Usage

Getting started

This is a minimal example using this package for inference. See the example section for more in-depth explanations.

using SimulatedAnnealingABC
using Distributions

# Define a stochastic model.
# Your real model should be so complex, that it would be too
# complicated to compute it's likelihood function.
function my_stochastic_model(θ, n)
    rand(Normal(θ[1], θ[2]), n)
end

# define prior of the parameters
prior = product_distribution([Normal(0,2),   # theta[1]
                              Uniform(0,2)]) # theta[2]


# Simulate some observation data
y_obs = rand(Normal(2, 0.5), 10)

# Define a function that first simulates with `my_stochastic_model` and then
# measures the distances of the simulated and the observed data with
# two summary statistics
function f_dist(θ; y_obs)
    y_sim = my_stochastic_model(θ, length(y_obs))

    (abs(mean(y_obs) - mean(y_sim)),
     abs(sum(abs2, y_obs) - sum(abs2, y_sim)) )
end


## Sample Posterior
res = sabc(f_dist, prior;
           n_particles = 1000, n_simulation = 100_000, y_obs=y_obs)


## Improve the result by running the inference for longer
res2 = update_population!(res, f_dist, prior;
                          n_simulation = 50_000, y_obs=y_obs)
Approximate posterior sample with 1000 particles:
  - algorithm: :single_eps
  - simulations used: 150000
  - number of population updates: 149
  - average transformed distance: 0.01016
  - ϵ: [0.002136]
  - number of population resamplings: 4
  - acceptance rate: 0.05873
The sample can be accessed with the field `population`.
The history of ϵ can be accessed with the field `state.ϵ_history`.
The history of ρ can be accessed with the field `state.ρ_history`.
The history of u can be accessed with the field `state.u_history`.

Logging and progress bar

There are two ways sabc can inform about the progress of the ongoing inference run:

  • Progress bar By default it is shown in interactive sessions.

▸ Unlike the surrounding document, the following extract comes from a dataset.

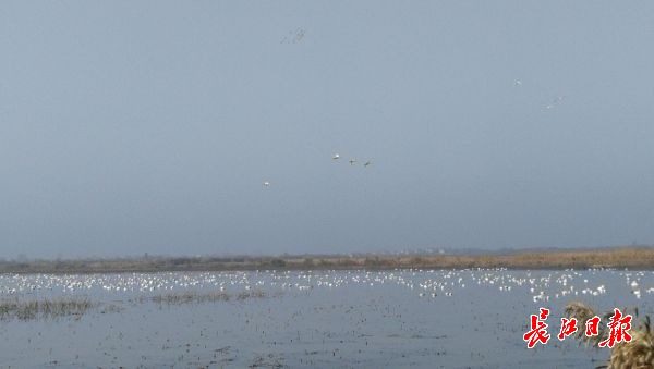 黄雄与姚波都是武汉市观鸟协会会员。他们告诉长江日报-长江网记者,当天上午,天气晴好,他们与协会的另外几位会员,到上涉湖湿地公园调查鸟类的分布状况,看到有1000多只小天鹅抱团在上涉湖中过冬,“它们有的在水中悠闲游动,有的在天空自由飞翔,场面极其壮观”。

It can be disabled with the argument (show_progressbar = false)

  • Logging statements The argument show_checkpoint controls how often a summary of the current state is logged. For long running computations in a cluster environment this is more convenient than the progress bar.

You can set the logging level to Warn to suppress all logging statements:

using Logging
global_logger(ConsoleLogger(stderr, Logging.Warn))

... run sabc() ...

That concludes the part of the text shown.